> Assignment: What you write must be the lines from the one holding "De Garden Impressions" through the final line of the records below, reproduced exactly, minus the pictures.

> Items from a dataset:
┄┄┄┄┄┄┄┄┄┄

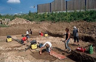 Überraschungen Am Sonntag, den 10. September, dem internationalen "Tag des offenen Denkmals" hat der neu gegründete Historisch-Archäologische Verein Führungen um 11.00, 14.00, 15.00 und 16.00 Uhr organisiert; Adelheid Teschner vom Heimatmuseum zeigt von 15.00 Uhr an römische Funde aus Mühlacker und Umgebung. Da die sichtbare Erhaltung der Gesamtanlage aus finanziellen Gründen sehr ungewiss ist, besteht dann vielleicht die letzte Möglichkeit, die römischen Ruinen in diesem Umfang sehen zu können. Der Mühlacker Gemeinderat entscheidet am 19. September über den Umfang der späteren Konservierung. Bislang sind 250.000,- DM vorgesehen, womit nur ein kleiner Teil sichtbar bleiben kann. |
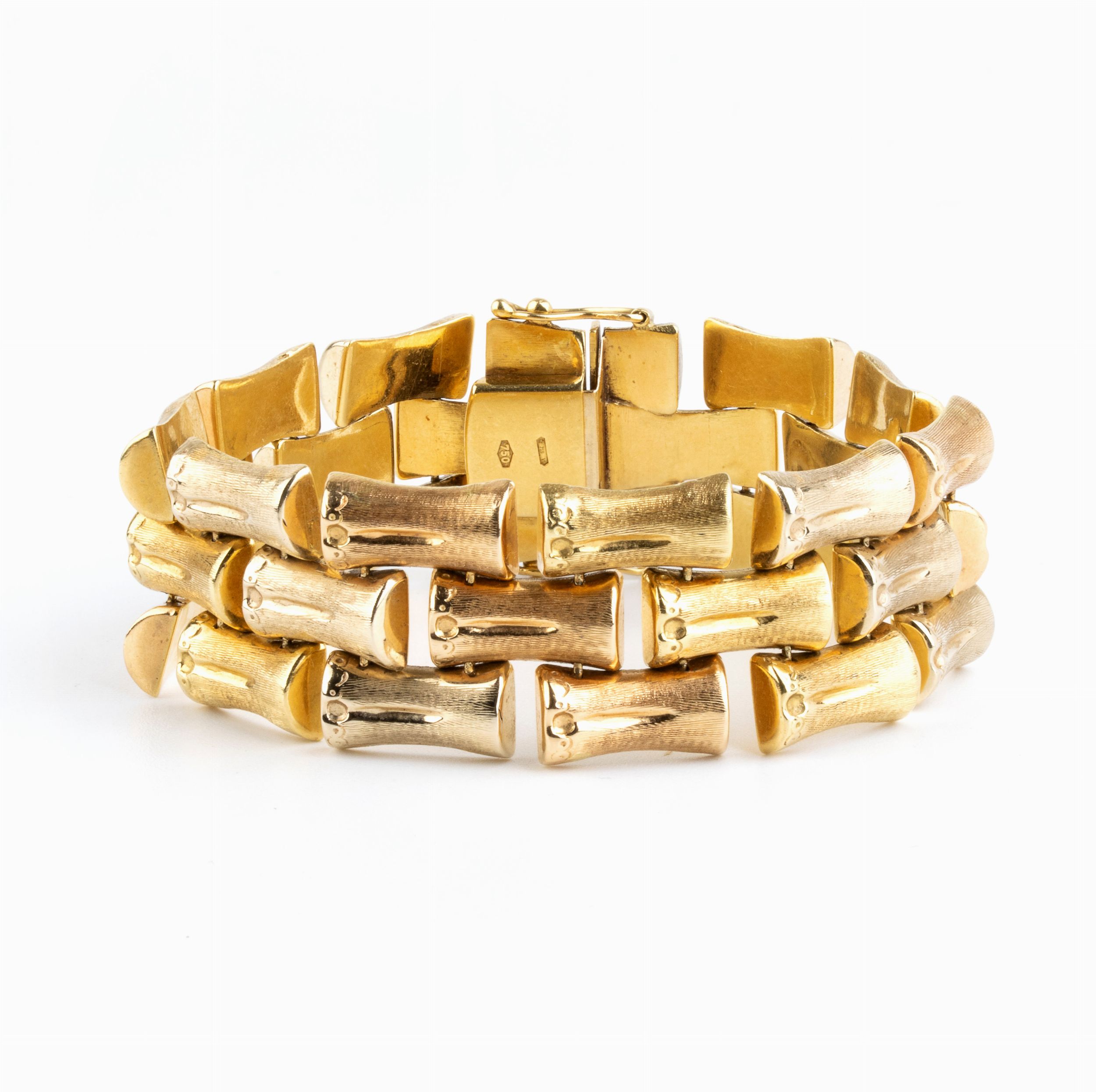 in oro giallo, bianco e rosa 18k.Punzonato 750 - 755 VI. Lunghezza 19,2 cm. Peso 59,3 gr.Stato di conservazione: ***** eccellente.
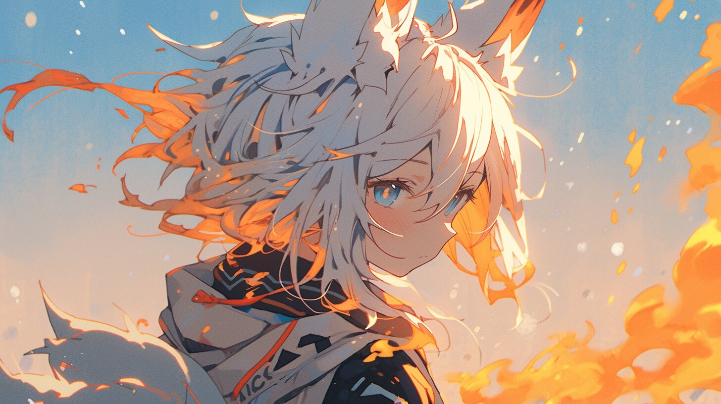 夕陽が空を赤く染める中、白い髪の狐耳少女が振り返る。彼女は炎のような粒子をまとい、穏やかな微笑みを浮かべている。これは彼女の冒険の瞬間。古の森を守る守護者として、旅の途中で出会った不思議な力に触れ、心が揺らぐ。風に舞う炎は、彼女の内なる情熱を象徴し、次なる戦いへの予感を漂わせる。読み手は、彼女の物語に引き込まれ、想像を広げずにはいられない。
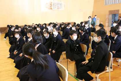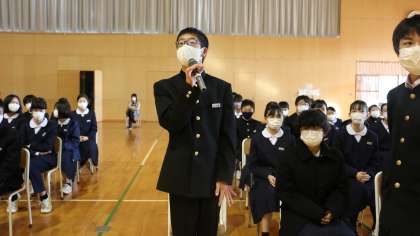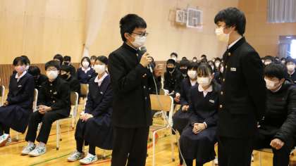 笑顔の輪集会(その2) 公開日 2021/12/10 更新日 2021/12/10 芝園の一日 12月10日(金) 本日行った「笑顔の輪集会」の様子です。 生徒会執行部が主体となり、人権について深く考え話し合うために、12月6日から一週間、「笑顔の輪週間」を行いました。 本日の集会では、執行部による劇や、他県で実際に起こった事例を紹介しながら、人権尊重の重要性と、人権を守るために大切な行動について、生徒全員で考えました。
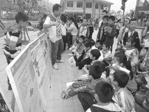 10月19日,吉首市八小组织五、六年级338名学生观看《禁毒图片》宣传展板。通过这个活动让学生初步了解一些禁毒知识和认识到毒品的危害性,教育学生们要远离毒品、珍爱生命。 图为该校五(4)班班主任黄增峰老师在给本班学生讲解毒品的相关知识和危害性。
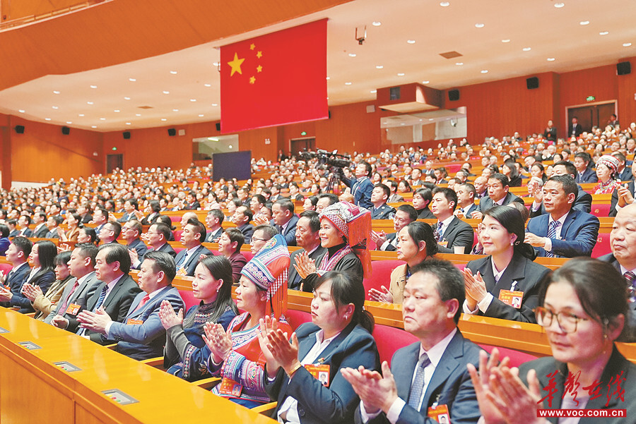 2月7日上午,湖南省第十四届人民代表大会第四次会议在省人民会堂闭幕,代表们热烈鼓掌。
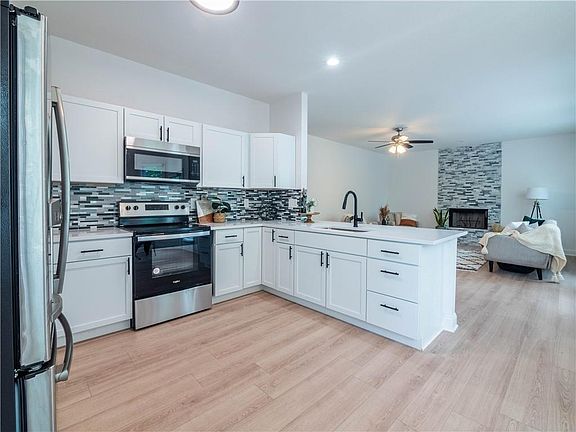 This gorgeous 2-story Olathe home is Amazing! Completely Remodeled, with New Everything, this home is just Perfect. This home features lots of windows and natural light! The Kitchen has New White cabinetry, Quartz Counters and Luxury Vinyl Tile throughout. An Open Concept kitchen living area, with Beautiful Fireplace, Large Island, and Formal Dining Area! Master Bedroom has Sitting Area, Large Walk-in Closet, and Master Bathroom with Double Vanity, soak-in tub and tiled shower. Spacious bedrooms with brand new paint, and flooring, and fully remodeled bathrooms complete this 2nd level. Basement is finished, with a 5th bedroom, a living area and a bathroom. Large fenced in backyard features stamped concrete patio and corner lot. Fantastic opportunity to be in the great Olathe school district in and amazing neighborhood!
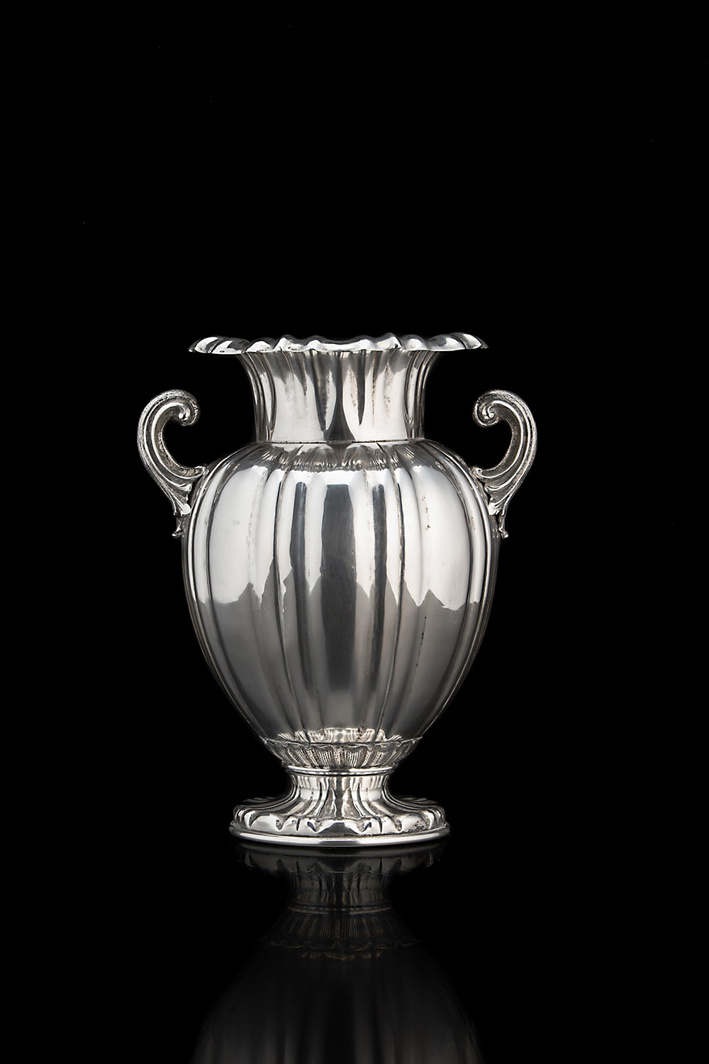 Vaso in argento con corpo ad anfora sagomato a baccellature radiali, con...
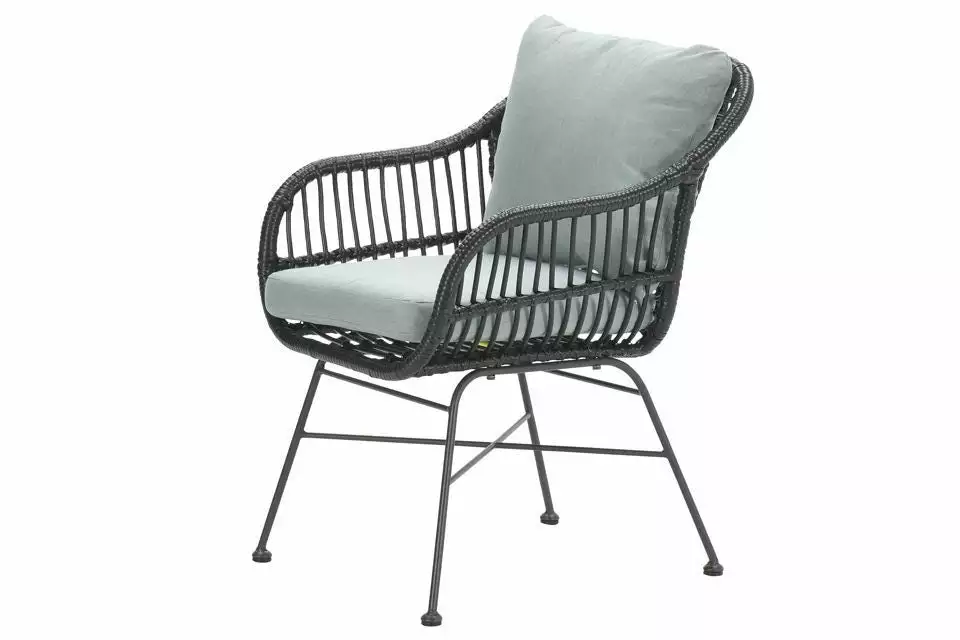 De Garden Impressions Margiet dining tuinstoel is nieuw in de collectie bij Coppens warenhuis. De tuinstoel kenmerkt zich door zijn unieke design. De stoel heeft een rotan look. Het rotan is gemaakt van kunststof wat ervoor zorgt dat de stoel een extra lange levensduur heeft. De Margriet tuinstoel heeft een stalen frame dat een powder coated behandeling heeft gehad. De kleur van de poten is antraciet en de kuip heeft een naturel kleur. De stoel wordt geleverd inclusief bijhorend zit en rugkussen in mint grey.
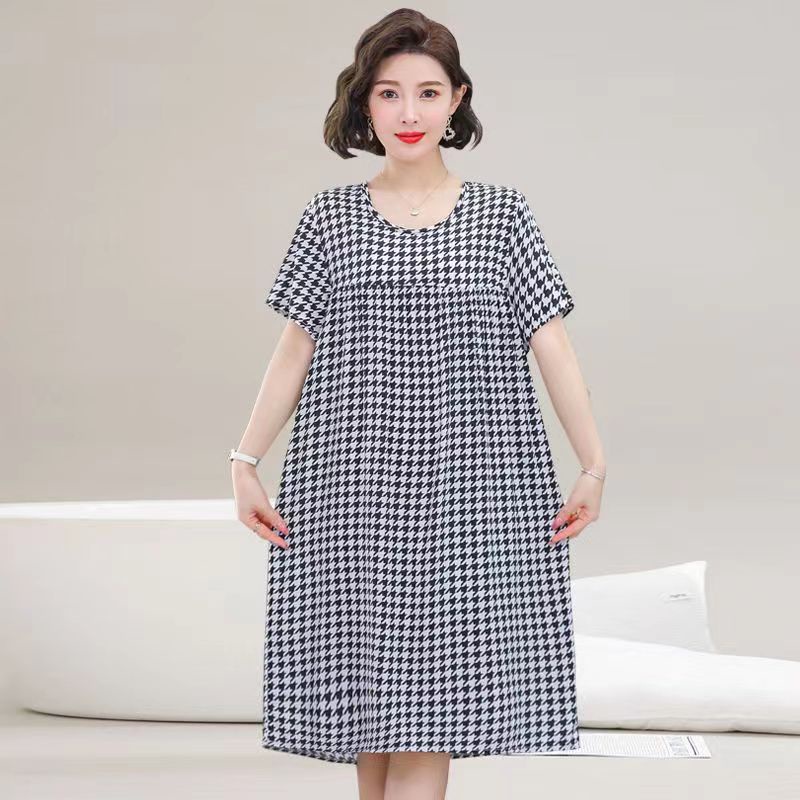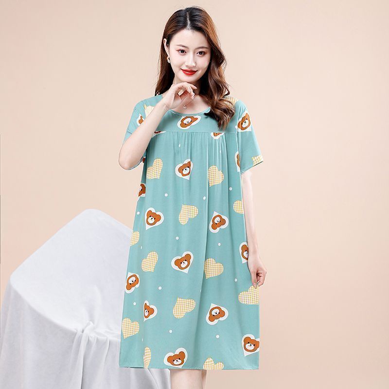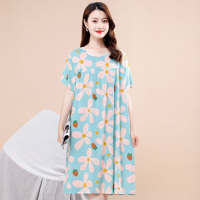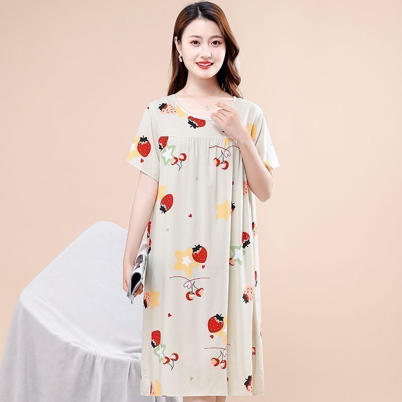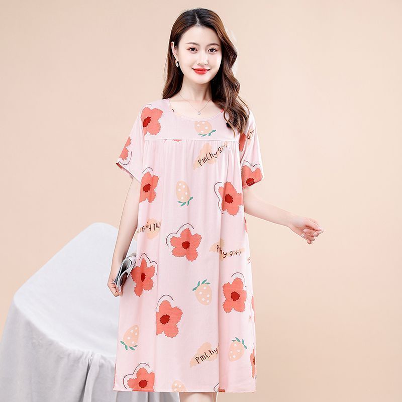 Middle-aged Elderly Nightdress Women New Style Cotton Silk Mother Western Style Mid-Length Pajamas Elderly Large

┄┄┄┄┄┄┄┄┄┄

> Task solution:
 De Garden Impressions Margiet dining tuinstoel is nieuw in de collectie bij Coppens warenhuis. De tuinstoel kenmerkt zich door zijn unieke design. De stoel heeft een rotan look. Het rotan is gemaakt van kunststof wat ervoor zorgt dat de stoel een extra lange levensduur heeft. De Margriet tuinstoel heeft een stalen frame dat een powder coated behandeling heeft gehad. De kleur van de poten is antraciet en de kuip heeft een naturel kleur. De stoel wordt geleverd inclusief bijhorend zit en rugkussen in mint grey.
 Middle-aged Elderly Nightdress Women New Style Cotton Silk Mother Western Style Mid-Length Pajamas Elderly Large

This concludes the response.